Data provided =
:::

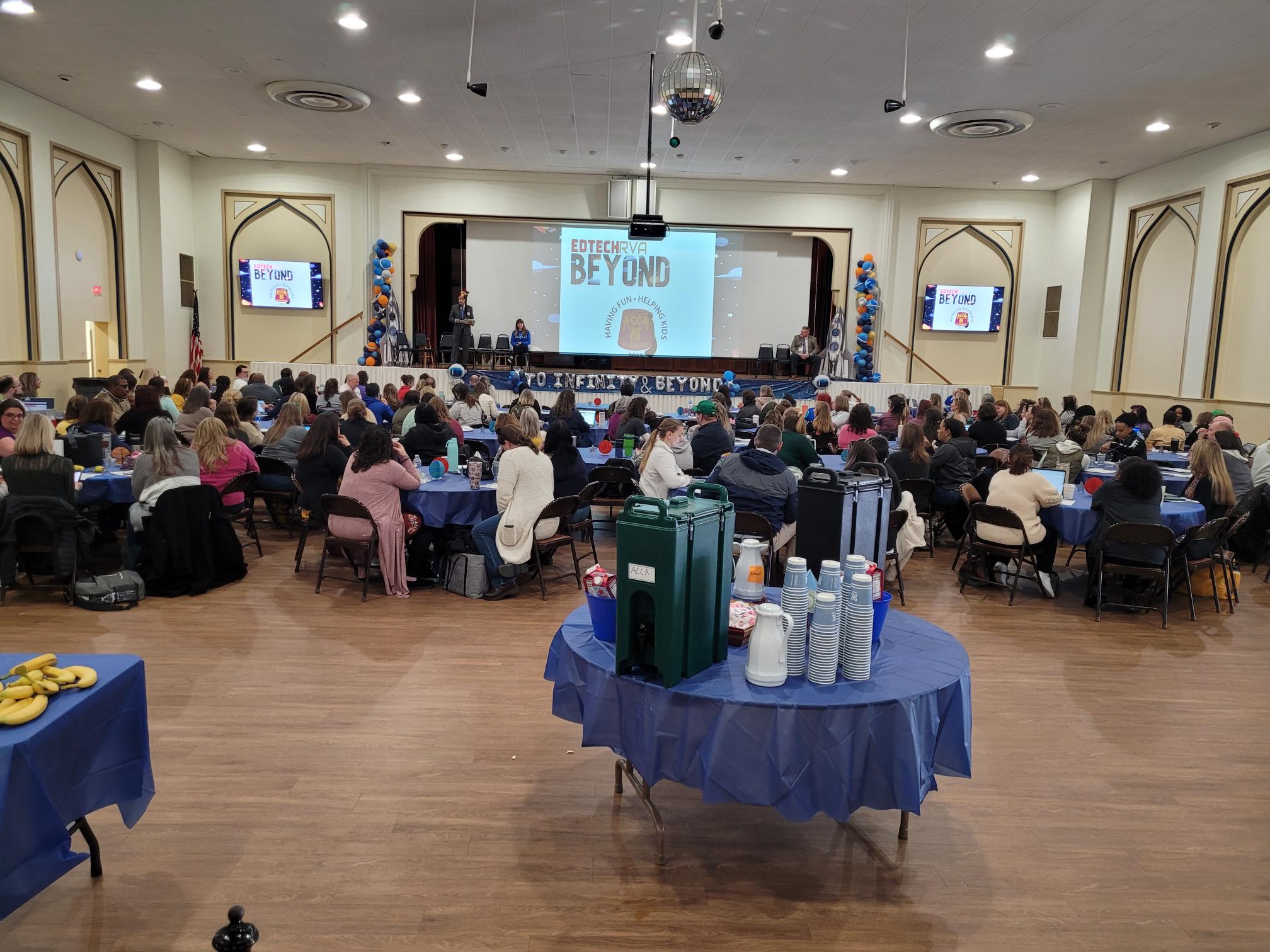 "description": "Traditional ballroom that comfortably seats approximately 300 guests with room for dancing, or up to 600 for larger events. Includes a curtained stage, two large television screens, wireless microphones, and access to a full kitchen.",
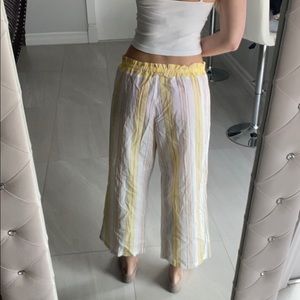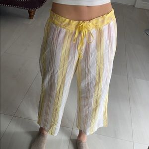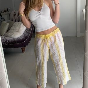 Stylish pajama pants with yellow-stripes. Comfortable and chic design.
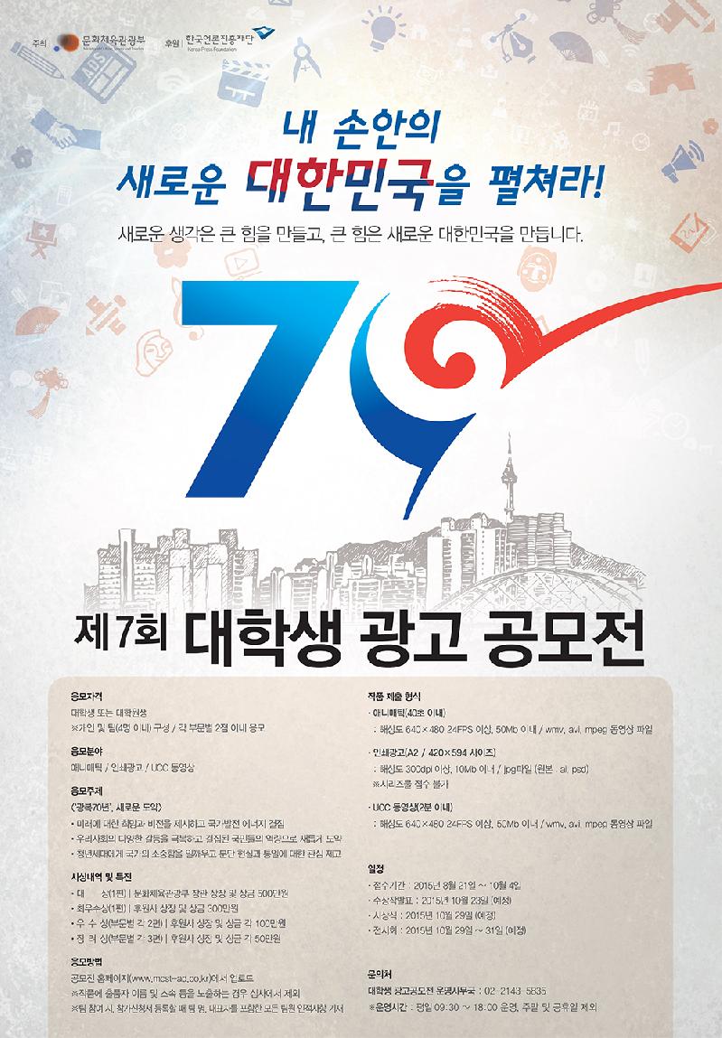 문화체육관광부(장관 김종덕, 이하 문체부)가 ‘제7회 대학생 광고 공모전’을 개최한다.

:::

What the task requires =
Reproduce, word for word, everything in the listing above except the pictures.

Problem solution =
 "description": "Traditional ballroom that comfortably seats approximately 300 guests with room for dancing, or up to 600 for larger events. Includes a curtained stage, two large television screens, wireless microphones, and access to a full kitchen.",
 Stylish pajama pants with yellow-stripes. Comfortable and chic design.
 문화체육관광부(장관 김종덕, 이하 문체부)가 ‘제7회 대학생 광고 공모전’을 개최한다.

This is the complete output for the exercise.